Johns Hopkins researchers have identified a rare gene mutation in a single family with a high rate of schizophrenia, adding to evidence that abnormal genes play a role in the development of the disease.

The researchers, in a report published in the journal Molecular Psychiatry, say that family members with the mutation in the gene Neuronal PAS domain protein 3 (NPAS3) appear at high risk of developing schizophrenia or another debilitating mental illnesses.

Normally functioning NPAS3 regulates the development of healthy neurons, especially in a region of the brain known as the hippocampus, which appears to be affected in schizophrenia.

The Johns Hopkins researchers say they have evidence that the mutation found in the family may lead to abnormal activity of NPAS3, which has implications for brain development and function.

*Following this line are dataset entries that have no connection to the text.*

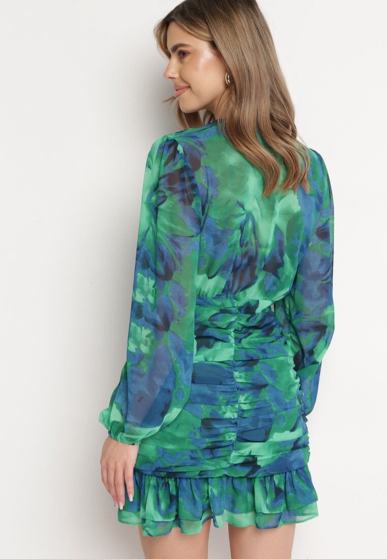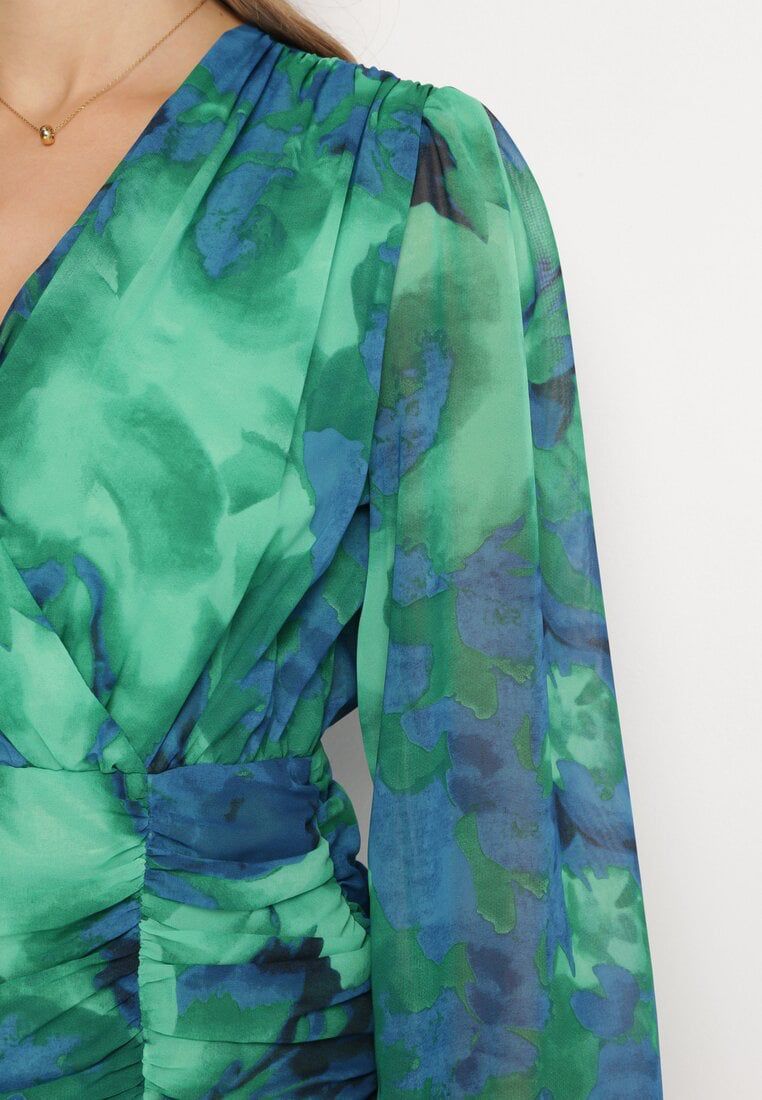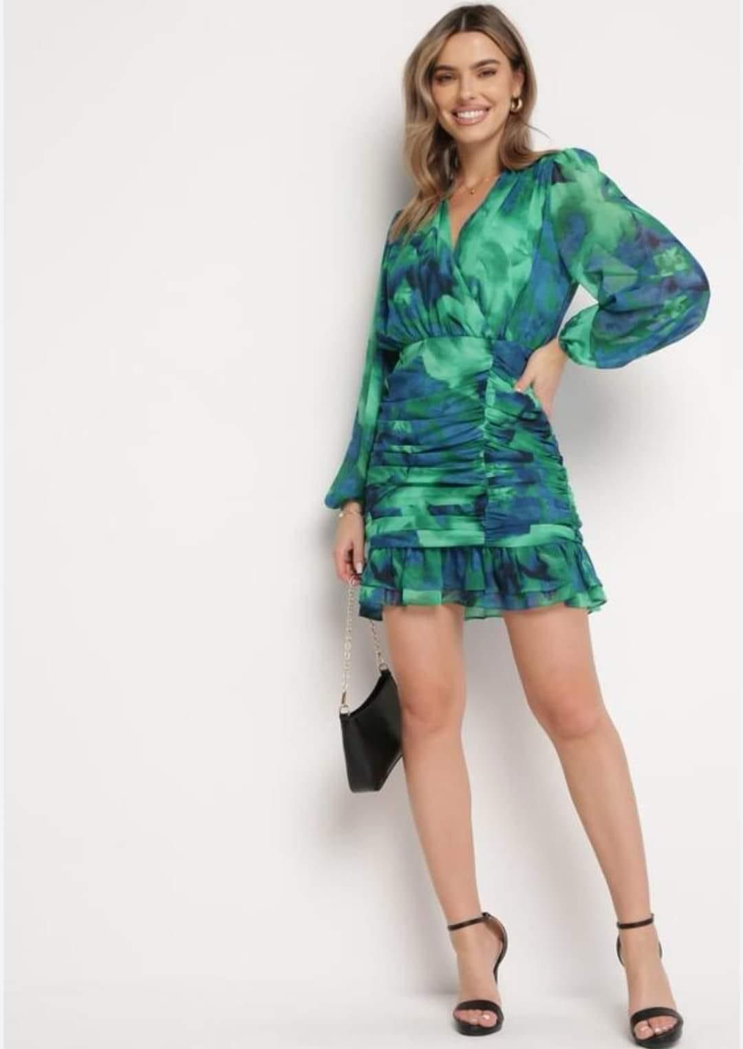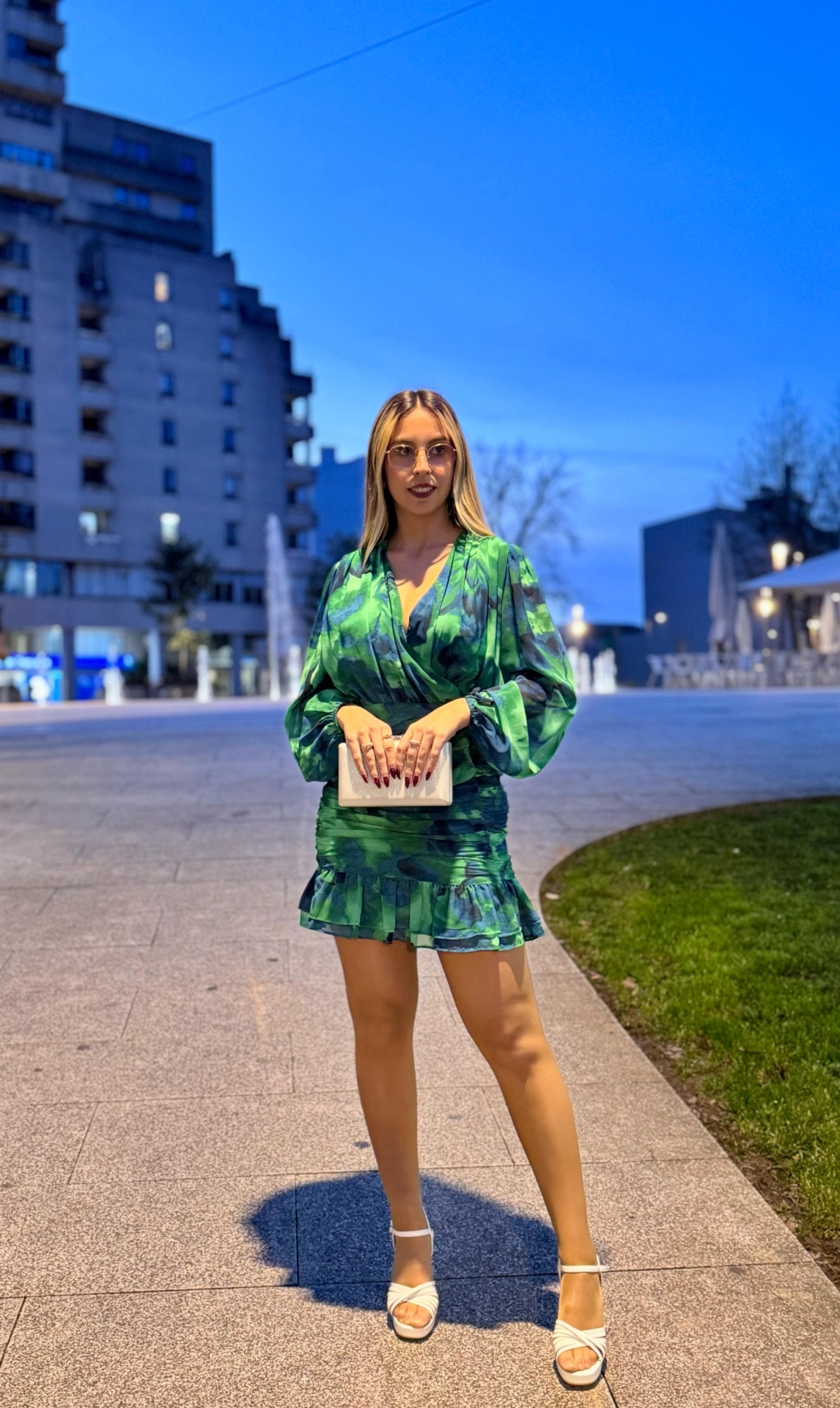 Vestido com padrão vibrante em tons de azul e verde, que evoca uma sensação de frescor e vitalidade.
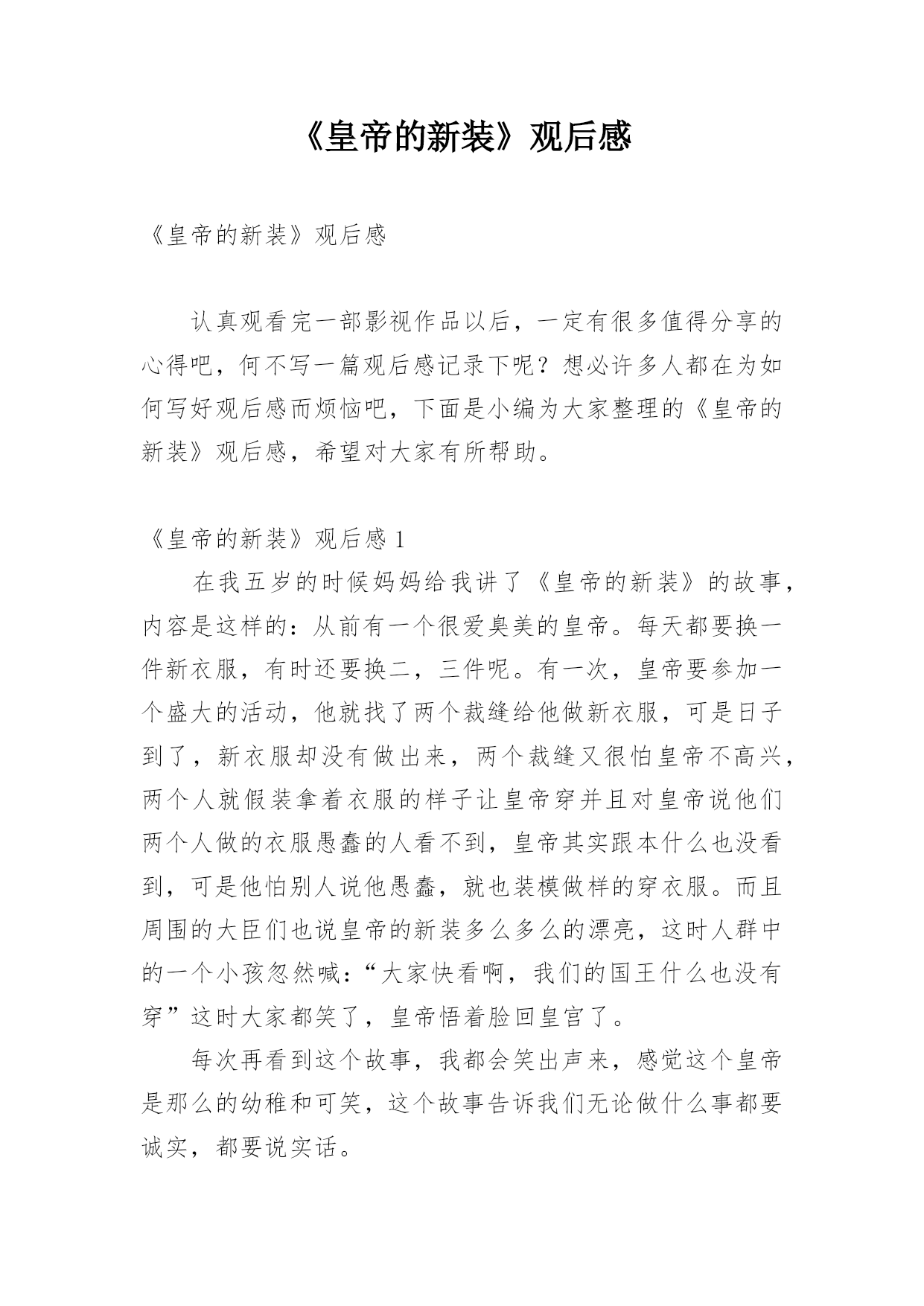 《皇帝的新装》观后感《皇帝的新装》观后感认真观看完一部影视作品以后,一定有很多值得分享的心得吧,何不写一篇观后感记录下呢?想必许多人都在为如何写好观后感而烦恼吧,下面是小编为大家整理的《皇帝的新装》观后感,希望对大家有所帮助。《皇帝的新装》观后感1在我五岁的时候妈妈给我讲了《皇帝的新装》的故事,内容是这样的:从前有一个很爱臭美的皇帝。每天都要换一件新衣服,有时还要换二,三件呢。有一次,皇帝要参加一个盛大的活动,他就找了两个裁缝给他做新衣服,可是日子到了,新衣服却没有做出来,两个裁缝又很怕皇帝不高兴,两个人
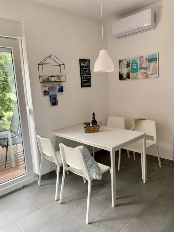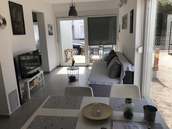 The apartment is clean and modernly decorated, equipped with all the necessary amenities. We especially highlight the beautiful terrace and the comfort of the bed - none of the 4 of us had to sleep on the couch. It is very close to the beach. We are satisfied with the price. The hosts are extremely kind and helpful. The garden is beautifully decorated with fragrant Mediterranean plants and there is enough space for parking. A bonus for us were the visits of hedgehogs and turtles that regularly pass through the property. We will definitely be back.
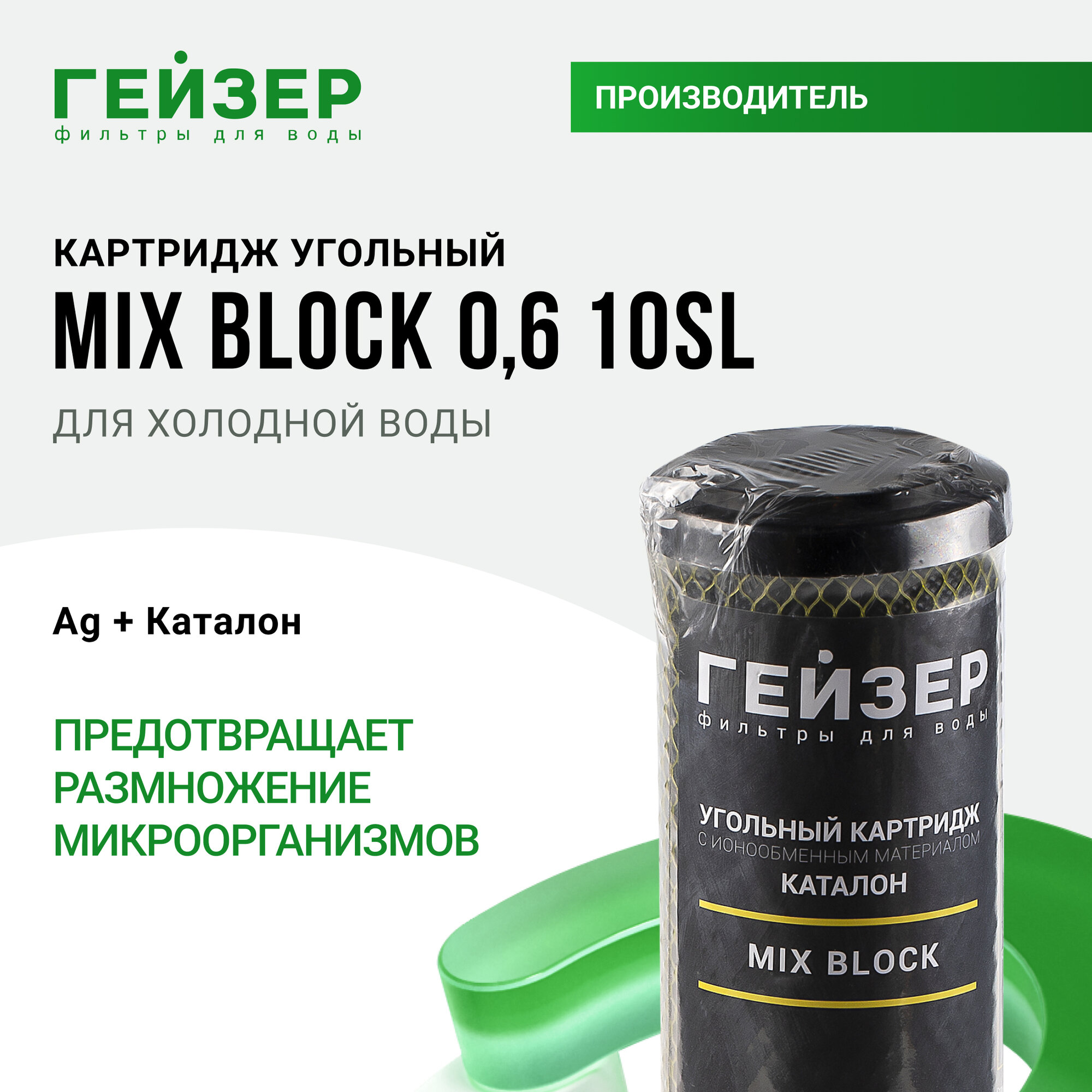 Картридж угольный Гейзер Микс Блок 0.6 мкм - 10SL, обеспечивает эффективную очистку воды от всех видов железа и тяжелых металлов, сохраняя природную минерализацию, 27132
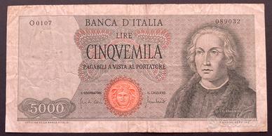 Italia 🇮🇹 banconota 5000 lire Cristoforo Colombo I primo tipo una sola caravella 20.01.1970
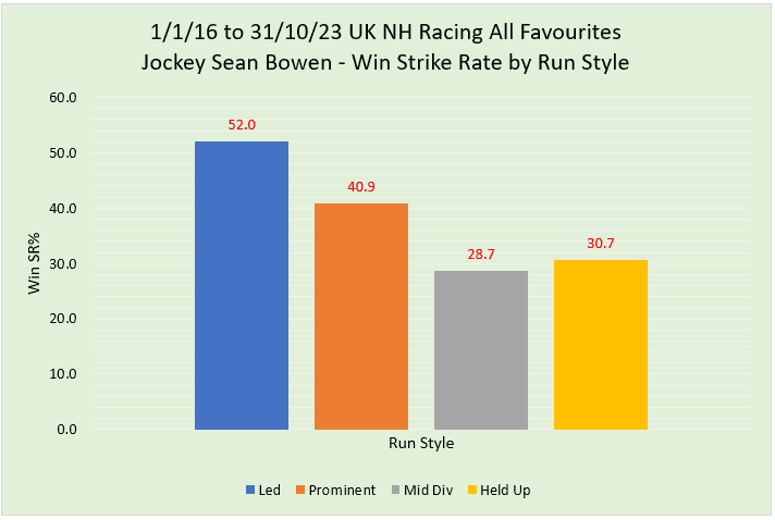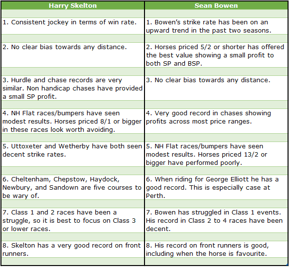 For this article, I have been looking at the performance of horses that were ridden last time out by some of the top jockeys in the country. I have chosen the following – Nico de Boinville, Sean Bowen, Harry Cobden, Brian Hughes, Gavin Sheehan and Harry Skelton. These six have had some of the best win percentages of recent years as well as riding a decent number of horses each season, which means we have an excellent initial sample size from which to work.
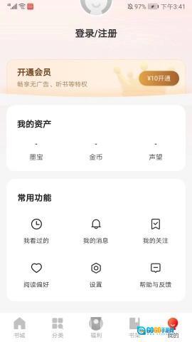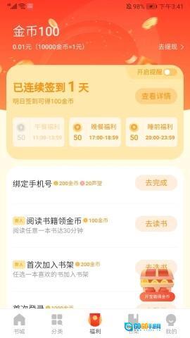 首先打开阅瓣免费小说,进入主界面后,你会看到书城、分类、福利、书架和我的等多个栏目,选择你感兴趣的区域去探索吧。
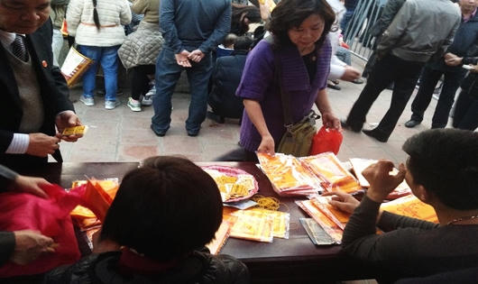 Cạnh đó, nhiều bàn được bố trí làm dịch viết sớ, ấn cũng khá đông.
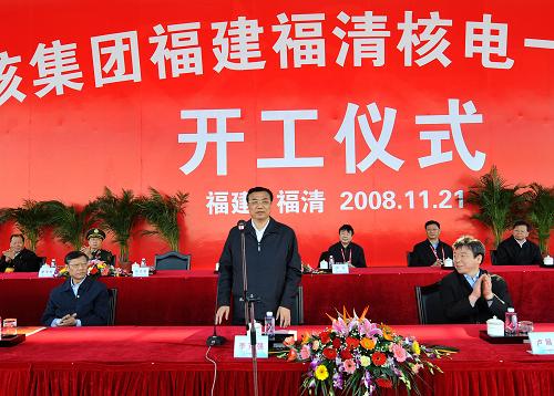 根新華社福州11月21日電 21日,中共中央政治局常委、國務院副總理李克強出席了福建福清核電工程開工儀式並宣布開工。他強調,要以對國家和人民高度負責的精神,堅持安全第一、質量第一,精心組織,精心施工,努力把福清核電站建成精品工程。要認真落實黨中央、國務院關於擴大內需促進增長的政策措施,把工作做實做細,保持經濟平穩較快發展。
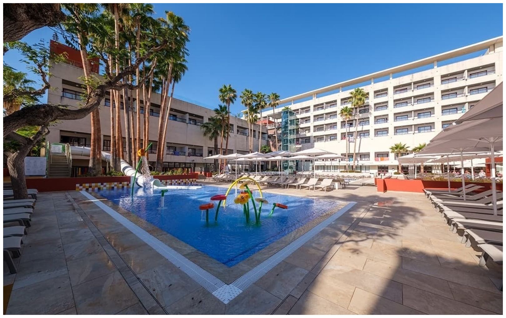 El hotel pertenece a un resort, 3 hoteles juntos, puedes disfrutar de las zonas comunes de los 3 hoteles, es decir, de las 3 piscinas y comer en cualquiera de los 3 restaurantes. Las instalaciones están muy bien y la limpieza es un diez. También puedes acceder a una zona spa y a instalaciones deportivas. Lo mejor, la piscina del ático, con acceso solo para mayores de edad.
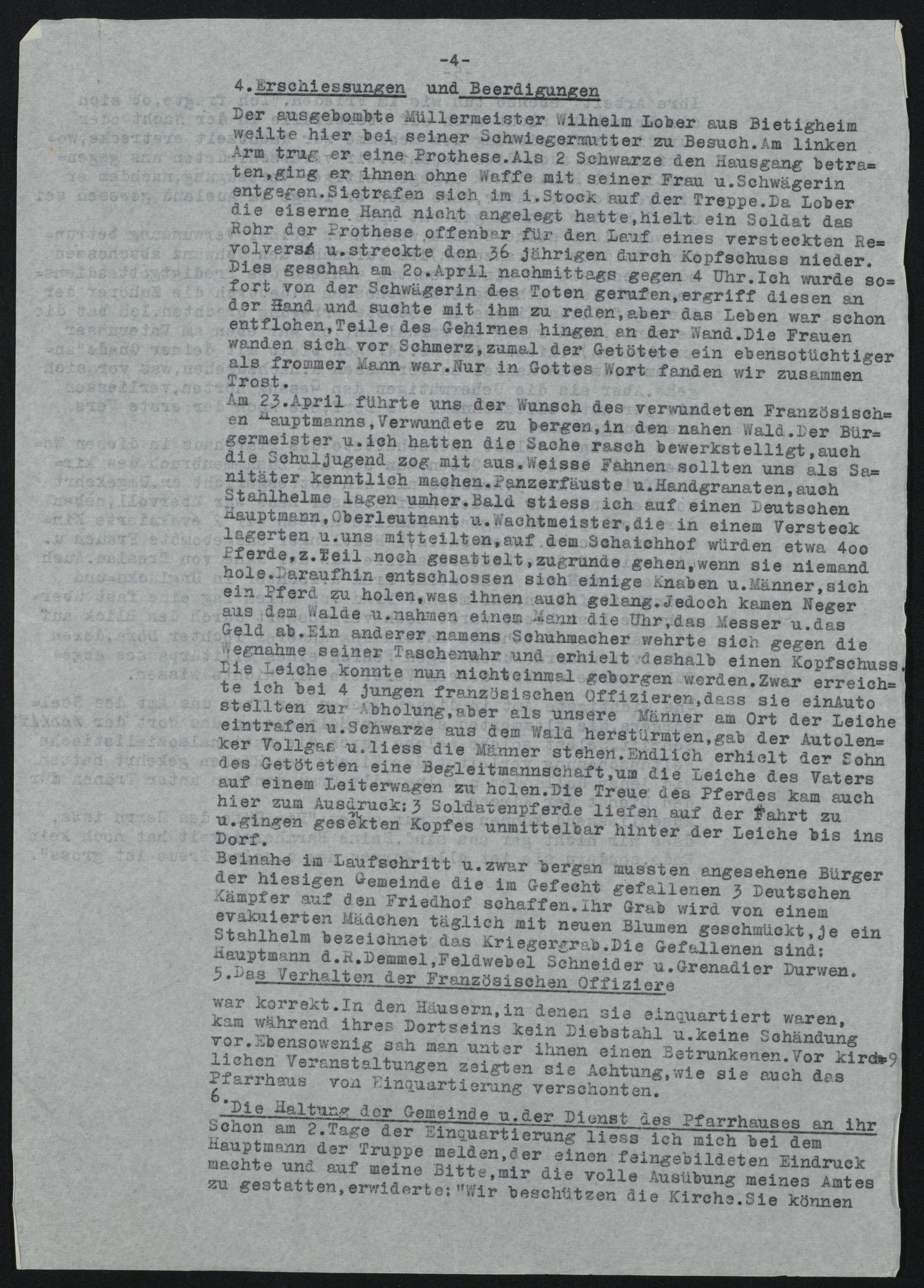 Schon direkt unter dem Eindruck der Ereignisse berichteten die Pfarrer an die Kirchenleitung, was in ihren Orten vorging. Später versuchte der Oberkirchenrat, eine flächendeckende Übersicht über das Kriegsende in Württemberg zu bekommen und ordnete an, Berichte über die NS-Zeit, das Kriegsende und die unmittelbare Nachkriegszeit zu verfassen. Daraus entstanden bis in die frühen 1950er-Jahre Hunderte von Berichten, die in einigen Fallen stattliche Chroniken wurden.
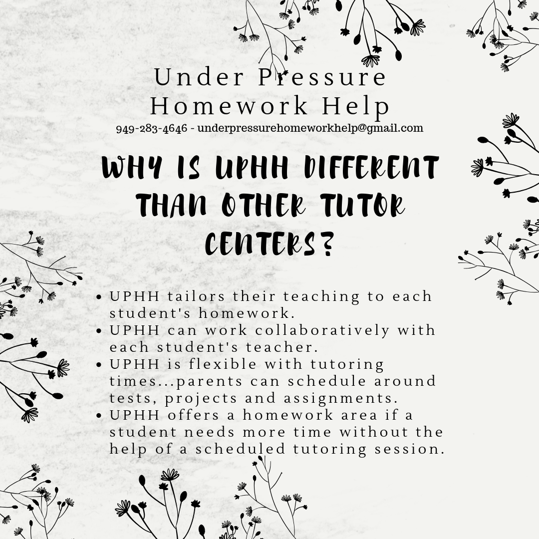 Under Pressure Homework Help (UPHH) is a leading concierge homeschool and tutoring center situated in South Orange County, CA. The center focuses on providing personalized academic support that goes beyond typical tutoring. Students receive dedicated guidance that boosts their understanding of subjects while also fostering important organizational and study skills. Reviews highlight that UPHH has significantly reduced academic pressure for students, with many feeling happier and more confident in their abilities. Parents appreciate the effectiveness of the tutors, who are described as extremely helpful and easy to work with. The atmosphere is supportive and nurturing, allowing children to thrive both academically and personally. One parent noted the unique approach of combining tutoring with organizational coaching, which has been beneficial for their child. UPHH has proven especially effective for students who require more individual attention, as many have transitioned from other tutoring options to find success here. The center is praised for creating a comfortable space where students can ask questions freely and develop a genuine love for learning. With a positive environment and the added bonus of snacks, UPHH is highly recommended by parents for its transformative educational experience.

"Understanding the molecular and biological pathways of schizophrenia is a powerful way to advance the development of treatments that have fewer side effects and work better than the treatments now available," says study leader Frederick C Nucifora Jr, PhD, DO, MHS, an assistant professor of psychiatry and behavioural sciences at the Johns Hopkins University School of Medicine. "We could definitely use better medicines."

Along with environmental factors, it is widely believed that many genes play some role in causing schizophrenia, a disease characterised by a variable combination of hallucinations, delusions, impaired cognition and a loss of drive and initiative.